Factos e fantasmas da nossa história
O título do documentário de Ariel de Bigault, Fantasmas do Império, expõe uma sugestiva dialética. Trata-se de perscrutar a história do cinema português, propondo um inventário crítico das formas, necessariamente diversas, de representação do colonialismo português; ao mesmo tempo, essa representação tão assombrada (por fantasmas, precisamente) remete-nos para factos muito concretos, não poucas vezes perturbantes, que espelham as convulsões da nossa história enquanto povo e nação.
Daí o facto surpreendente - e, insisto, perturbante - de vários testemunhos recolhidos confluírem num mesmo sentido. Em boa verdade, numa mesma palavra: silêncio. Dito de outro modo: o capítulo final do império lusitano (entenda-se: a Guerra Colonial) foi também vivido através do silenciamento de factos e traumas. Quando? Antes do 25 de abril de 1974, por certo, mas também depois.
Este é, assim, um filme capaz de nos ajudar a contrariar os maniqueísmos que o silêncio sempre alimentou (tal como a histeria mediática, importa acrescentar).
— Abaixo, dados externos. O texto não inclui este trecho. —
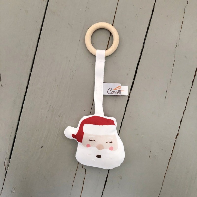 Un Père noël toujours aussi joyeux et rassurant en popeline de coton ocre rouge et blanc accroché à son anneau de dentition en bois.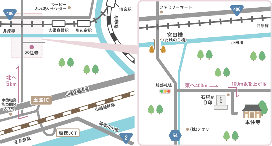 ・JR新倉敷駅から車(タクシー)で10分程度 (新倉敷駅:山陽本線、山陽新幹線)

Como recorda José Manuel Costa, diretor da Cinemateca Portuguesa, os rótulos banalmente ideológicos são insuficientes: "O cinema colonial é sempre um confronto de dois olhares. Mesmo que um dos olhares esteja completamente subjugado, ele está lá. Há um momento em que alguém foi apanhado pela câmara, olhou para a câmara, e de repente, num simples olhar, transmite um mundo que, aparentemente, na retórica do filme está completamente esquecido."
A presença da Cinemateca é, aqui, especialmente importante, uma vez que muitos extratos provenientes de produções do aparelho de propaganda do Estado Novo existem graças ao labor exemplar da instituição e, mais especificamente, do seu Arquivo Nacional das Imagens em Movimento (ANIM). Através de uma montagem de sóbrio dinamismo, vemos esses extratos em ziguezague com fragmentos de filmes que nasceram da vontade de repensar a representação colonial de Portugal e, nessa medida, as representações do colonialismo português.
Daí a importância dos depoimentos de alguns dos realizadores desses filmes - são eles Fernando Matos Silva, João Botelho, Margarida Cardoso, Hugo Vieira da Silva, Ivo M. Ferreira, Manuel Faria de Almeida e Joaquim Lopes Barbosa -, a par das palavras da investigadora e ensaísta Maria do Carmo Piçarra. São vozes que se cruzam e, de alguma maneira, completam, numa dinâmica de "reportagem" conduzida por dois atores: Ângelo Torres, são-tomense, e Orlando Sérgio, angolano.
Creio que o efeito mais forte (entenda-se: mais pedagógico) de Fantasmas do Império resulta de todas essas componentes surgirem organizadas, não através de uma voz off "sobreposta" a uma colagem acelerada de imagens, mas sim de uma metodologia capaz de suscitar novos olhares sobre as imagens que são mostradas. Afinal de contas, a história coletiva é um caudal infinito de olhares. Como diz, a certa altura, Margarida Cardoso, podemos "ver o passado no presente e ver o presente no passado".